On my last day at the festival, as I was getting ready to leave, I watched one of the best films that the festival offered in this year’s edition and, paradoxically, it wasn’t a short film. The second part of the programme Conditional Cinema that started last year under the supervision of Finnish artist and curator Mika Taanila this year was dedicated to the human presence, language and speech in the cinema space. In one of its sections, it dealt more literally with its title, Conditional Cinema, with the films that could have been but never were. For the last part, Taanila decided to show Marguerite Duras’ 1977 experiment, Le Camion, a quiet and beautiful film in which Duras and Gerard Depardieu as Elle and Lui read Duras’ screenplay for a possible film that will never happen.
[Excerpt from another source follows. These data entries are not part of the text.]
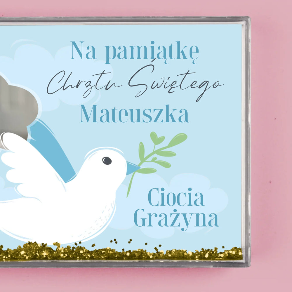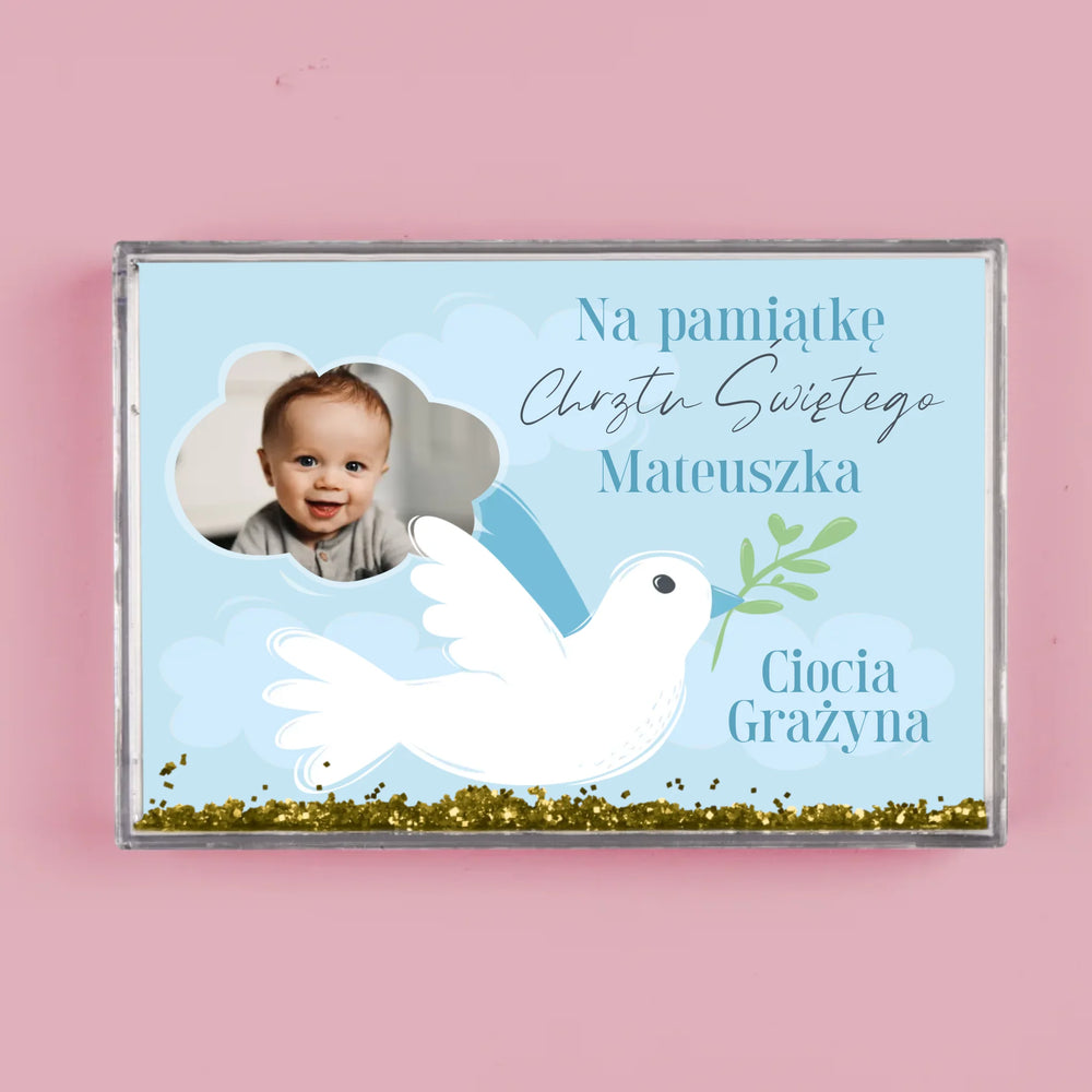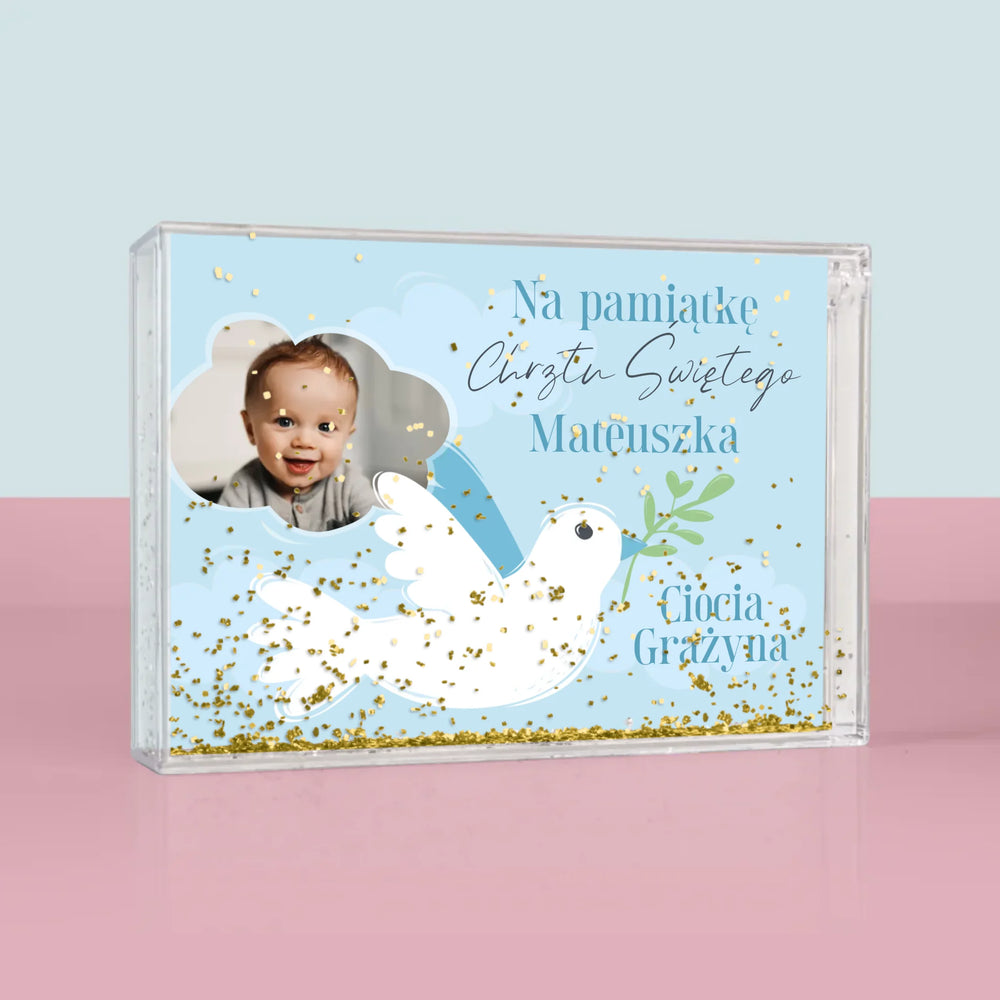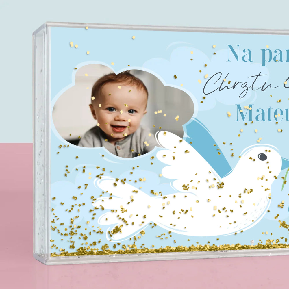 Zdjęcie i Podpis: Pamiątka Chrztu Gołąbek - Personalizowana Ramka Wodna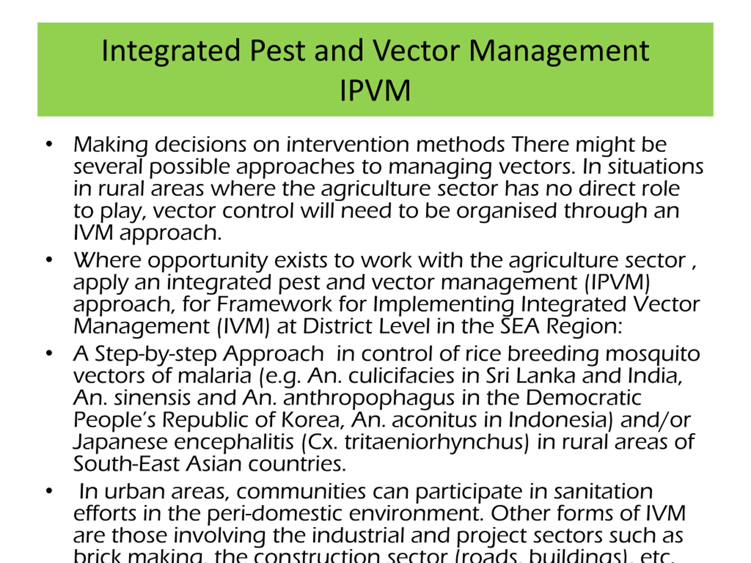 Integrated Pest and Vector Management IPVM Making decisions on intervention methods There might be several possible approaches to managing vectors. In situations in rural areas where the agriculture sector has no direct role to play, vector control will need to be organised through an IVM approach. Where opportunity exists to work with the agriculture sector , apply an integrated pest and vector management (IPVM) approach, for Framework for Implementing Integrated Vector Management (IVM) at District Level in the SEA Region: A Step-by-step Approach in control of rice breeding mosquito vectors of malaria (e.g. An. culicifacies in Sri Lanka and India, An. sinensis and An. anthropophagus in the Democratic People s Republic of Korea, An. aconitus in Indonesia) and/or Japanese encephalitis (Cx. tritaeniorhynchus) in rural areas of South-East Asian countries. In urban areas, communities can participate in sanitation efforts in the peri-domestic environment. Other forms of IVM are those involving the industrial and project sectors such as brick making, the construction sector (roads, buildings), etc.
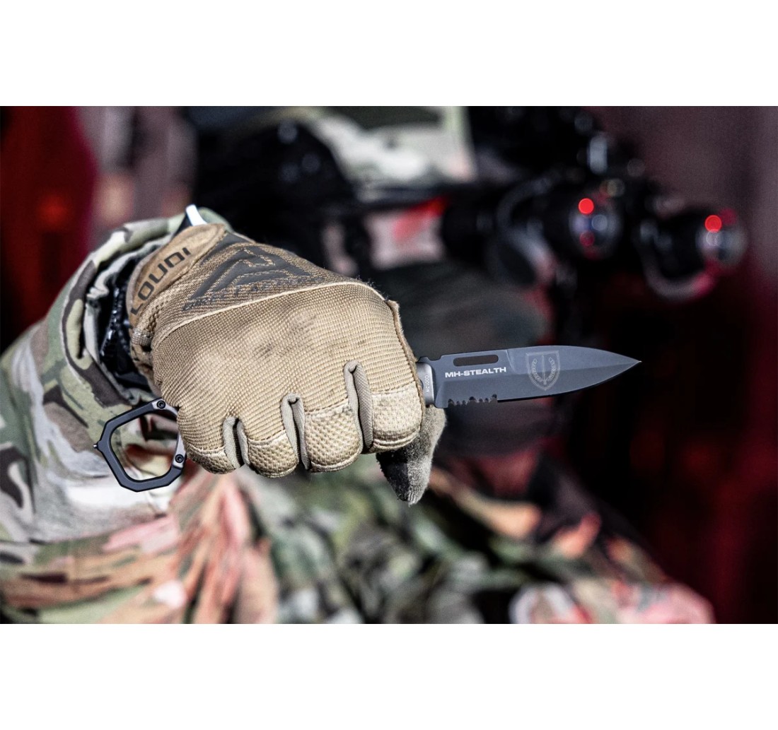MH-STEALTH è un coltello tattico pieghevole dal design innovativo, sviluppato in collaborazione con gli operatori del Kommando Spezialkräfte (KSK) e con la Gemeinschaft Deutscher Kommandosoldaten.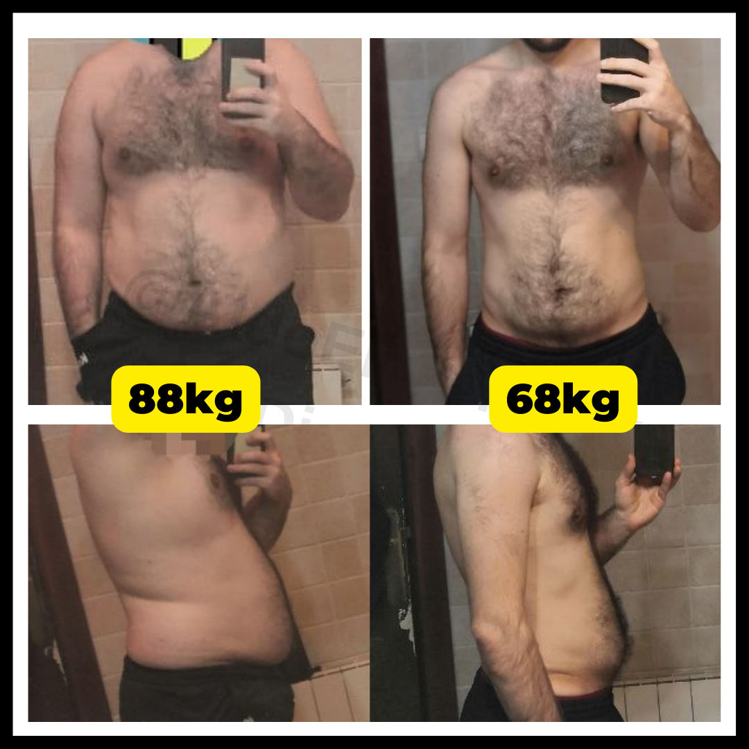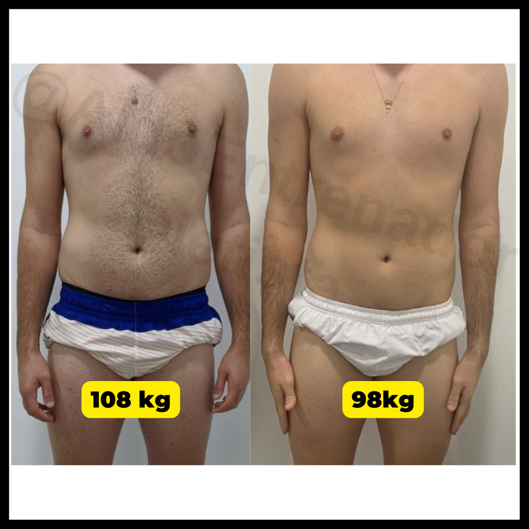 Perdió mucha grasa abdominal, consiguió reducir mucho el picoteo, sentirse con mucha más energía, rendir mejor en sus entrenamientos y sentirse mucho mejor consigo mismo.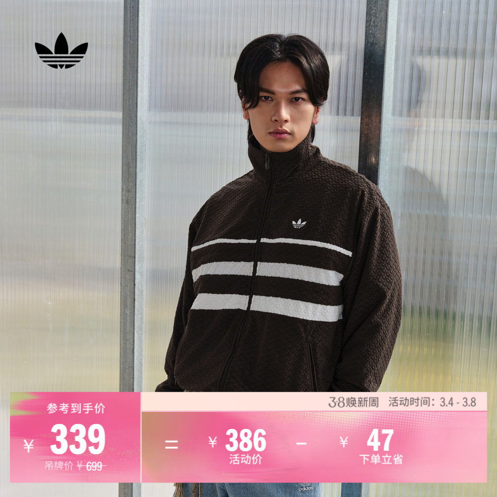 明星同款针织绒面休闲宽松夹克外套男女adidas阿迪达斯官方三叶草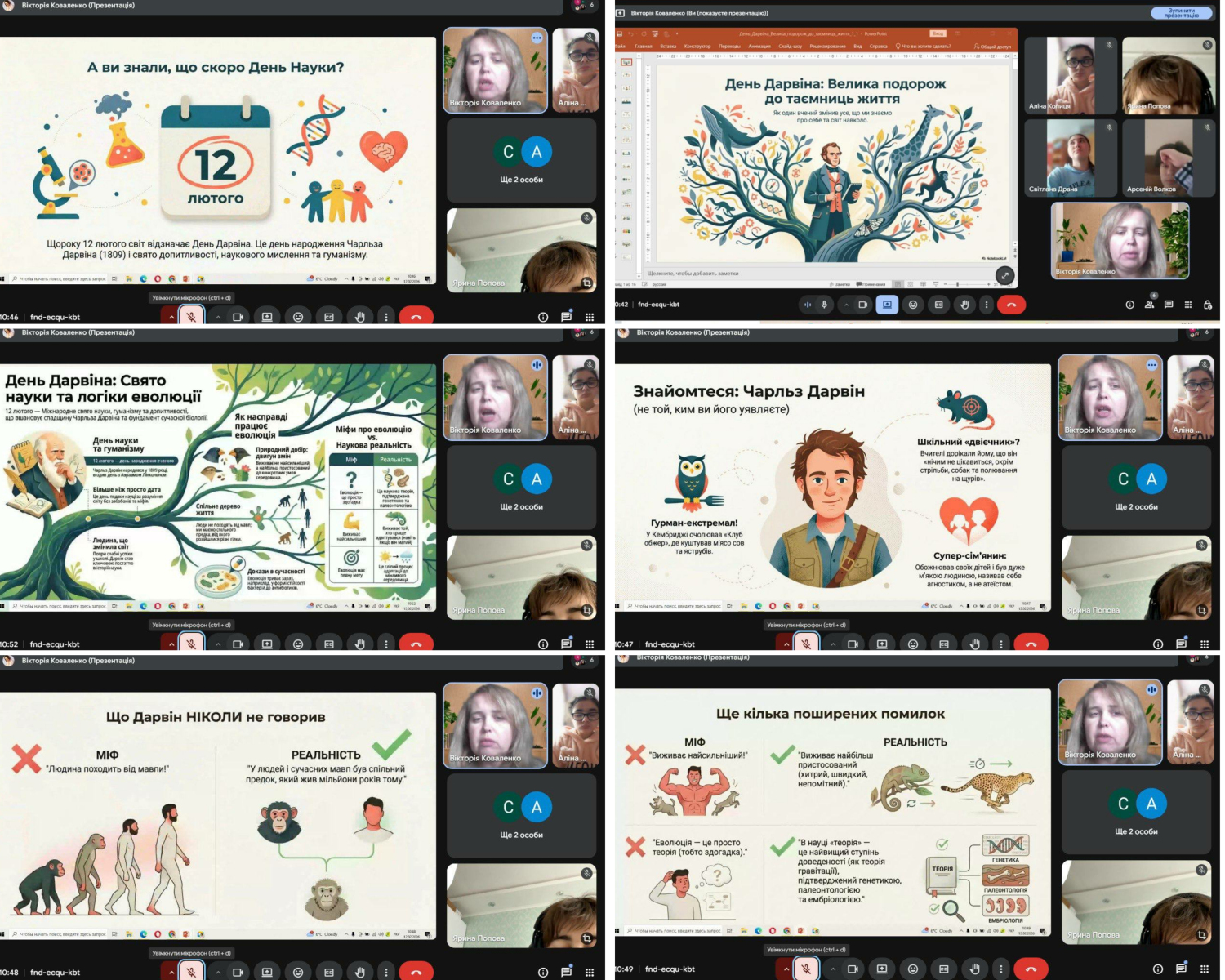 12 лютого вчителька біології Вікторія Коваленко провела інтерактивні уроки, присвячені життю та науковій спадщині Чарльза Дарвіна, а також фундаментальним принципам біологічної еволюції.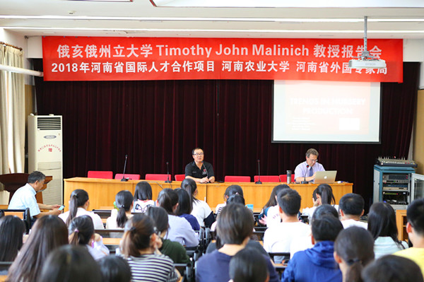 师生作了题为“美国苗圃生产及管理技术现状与发展趋势”的学术报告,详细阐述了美国景观苗木生产中育苗、栽培、养护、肥料使用、管理等中美苗木种植培育全过程的差异。Timothy John Malinich教授在题为“美国苗圃产业培训与推广的现状与发展趋势”的学术报告中,详细介绍了美国苗木产业的教育培训与推广方式,阐述了可持续研究和园艺教育计划发挥的社会、经济、生态功能与未来的发展前景。会议期间,丝袜av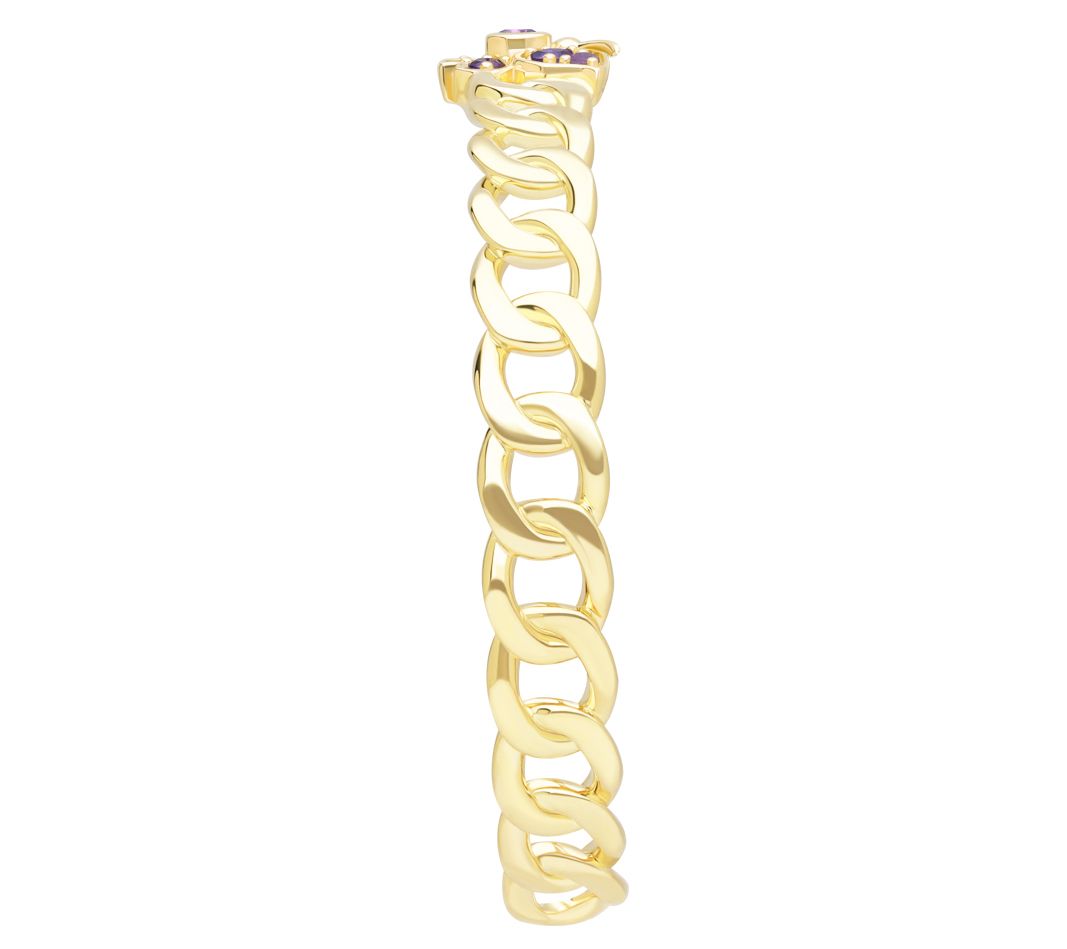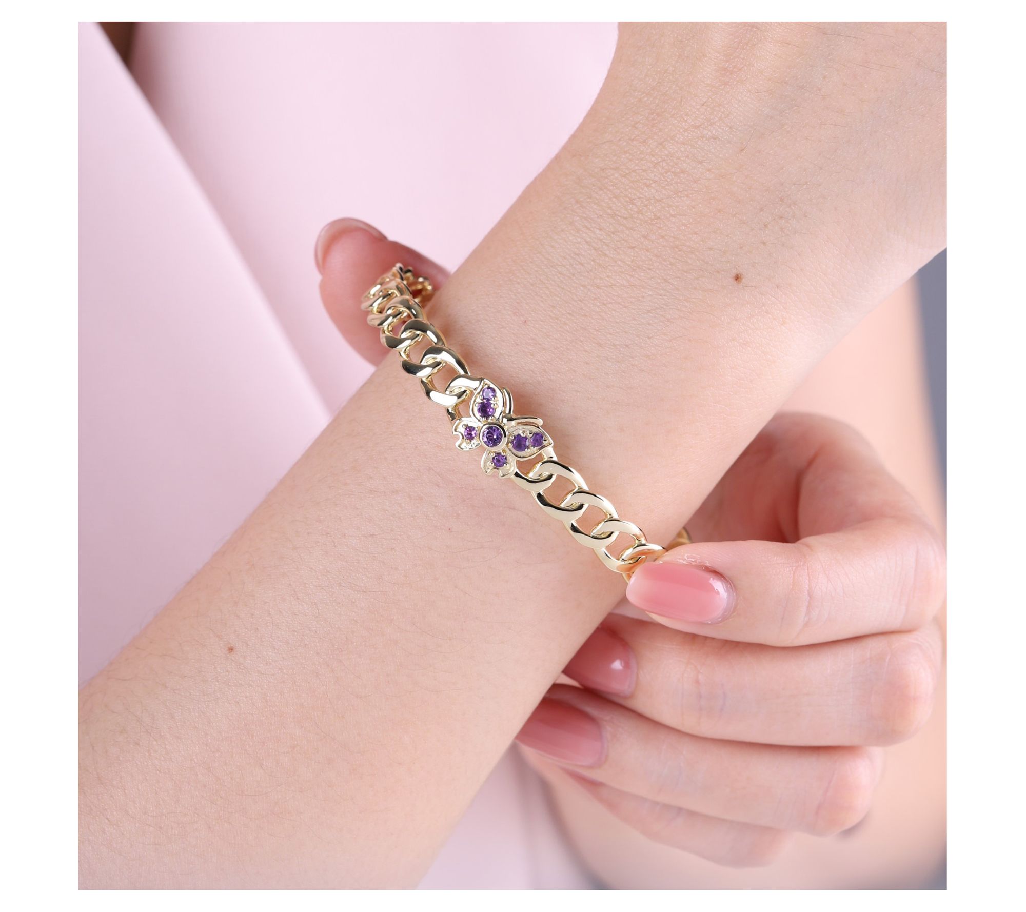• Round-cut amethyst stones; bezel and pave settings; open frozen link cuff; butterfly motif

Of course, the film is actually happening during the reading, in a different form perhaps, while we watch her and Depardieu exchanging lines and smoking as the evening is falling in the unknown French place. Le Camion raises questions about the nature of cinema and reality in a contemplative and elegant way, giving us hints about the elusive essence of filmmaking, while reading and therefore creating the film in front of us that we will never really be able to watch. For me, it was a sign for departure from Oberhausen and an indication that I should be there again next spring, anticipating new discoveries.